Physalaemus soaresi
- Conservation status: Critically Endangered (IUCN 3.1)

Scientific classification
- Kingdom: Animalia
- Phylum: Chordata
- Class: Amphibia
- Order: Anura
- Family: Leptodactylidae
- Genus: Physalaemus
- Species: P. soaresi
- Binomial name: Physalaemus soaresi Izecksohn, 1965

= Physalaemus soaresi =

- Authority: Izecksohn, 1965
- Conservation status: CR

Species of frog

Physalaemus soaresi is a species of frog in the family Leptodactylidae. It is endemic to southeastern Brazil where it is only known from three localities in the Rio de Janeiro state, one of them lost to urbanization and habitat degradation.

==Habitat==
Scientists believe the frog once lived in primary forests but it is currently only found in secondary forest. This is likely because all the old-growth forests in the frog's range have been removed. This frog is found on the leaf litter near water with vegetation nearby. Scientists have seen this frog between 0 and 130 m above sea level.
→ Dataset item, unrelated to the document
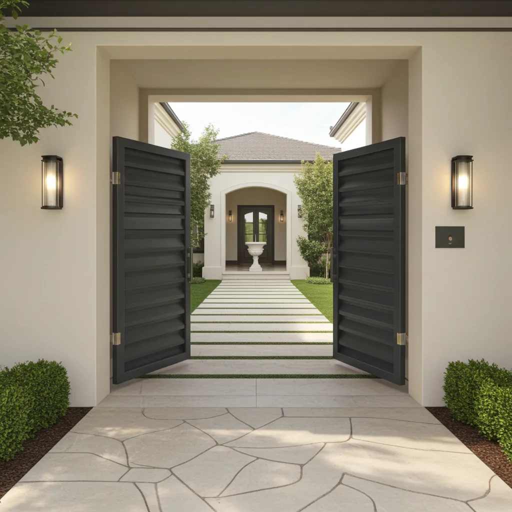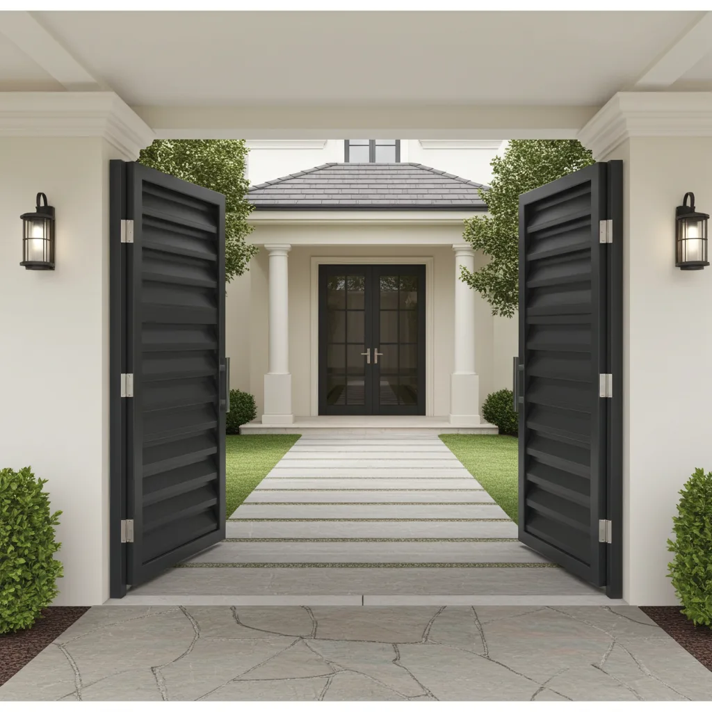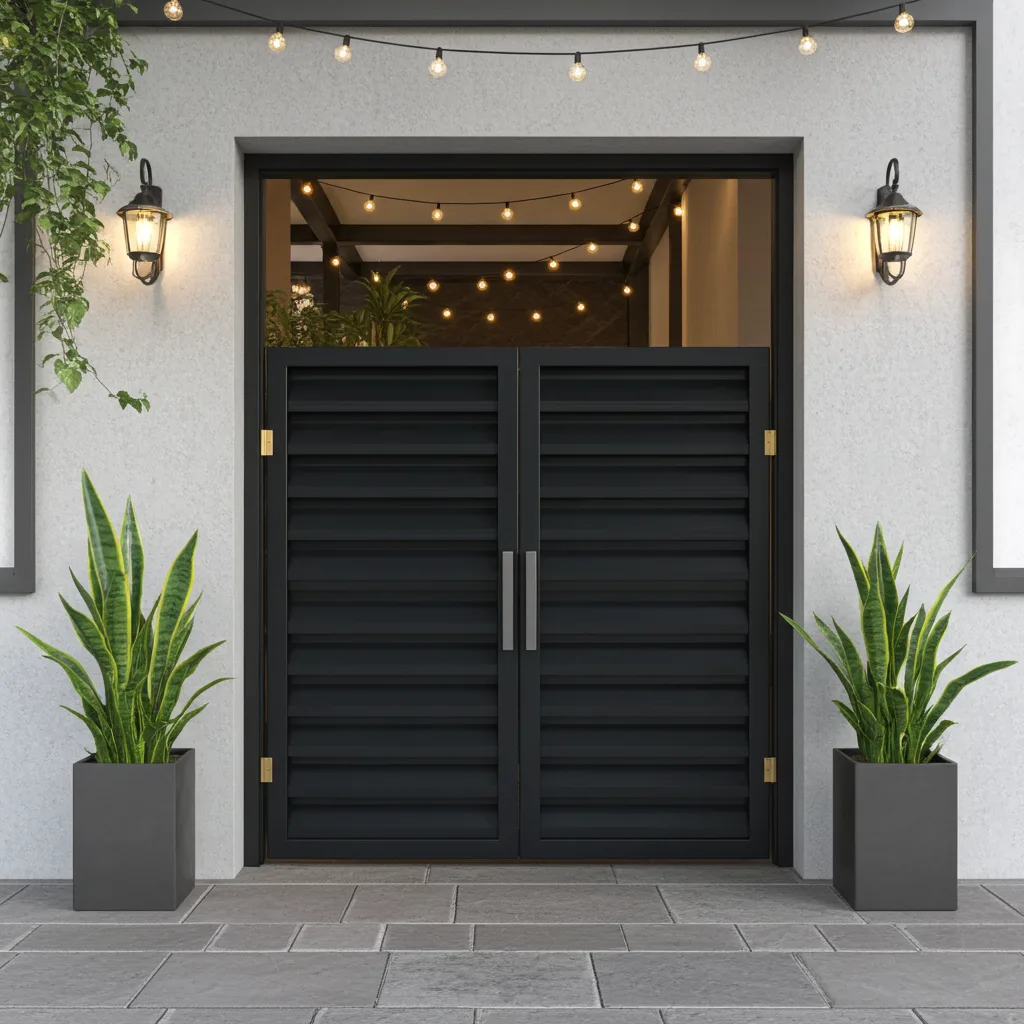 Le modèle Texas offre une solution à la fois esthétique et fonctionnelle dans les zones à forte circulation bidirectionnelle, telles que les terrasses de restaurants, les passages d’usines, les entrées de villas et de résidences. Avec son détail de poignée élégant, sa structure de charnière robuste et ses lignes modernes, il attire l’attention dans tous les environnements.

Scientists have reported the frog in protected places: Floresta Nacional Mario Xavier and the Parque Estadual do Mendanha.

==Reproduction==
This frog has young by larval development in temporary bodies of water. The adult frog makes a foam nest for the eggs.

==Threats==
The IUCN classifies this frog as critically endangered. This part of Brazil was subject to extensive forest conversion through logging, urbanization of Rio de Janeiro, agriculture, and cattle ranching. Some of the places where the frog once lived, such as the Barro Branco wetlands, have none of these frogs living there now.

One of the protected places where the frog lives, Floresta Nacional Mario Xavier, is a national forest. This means that even though there is no logging activity now and has not been for about forty years, logging could legally resume at some point.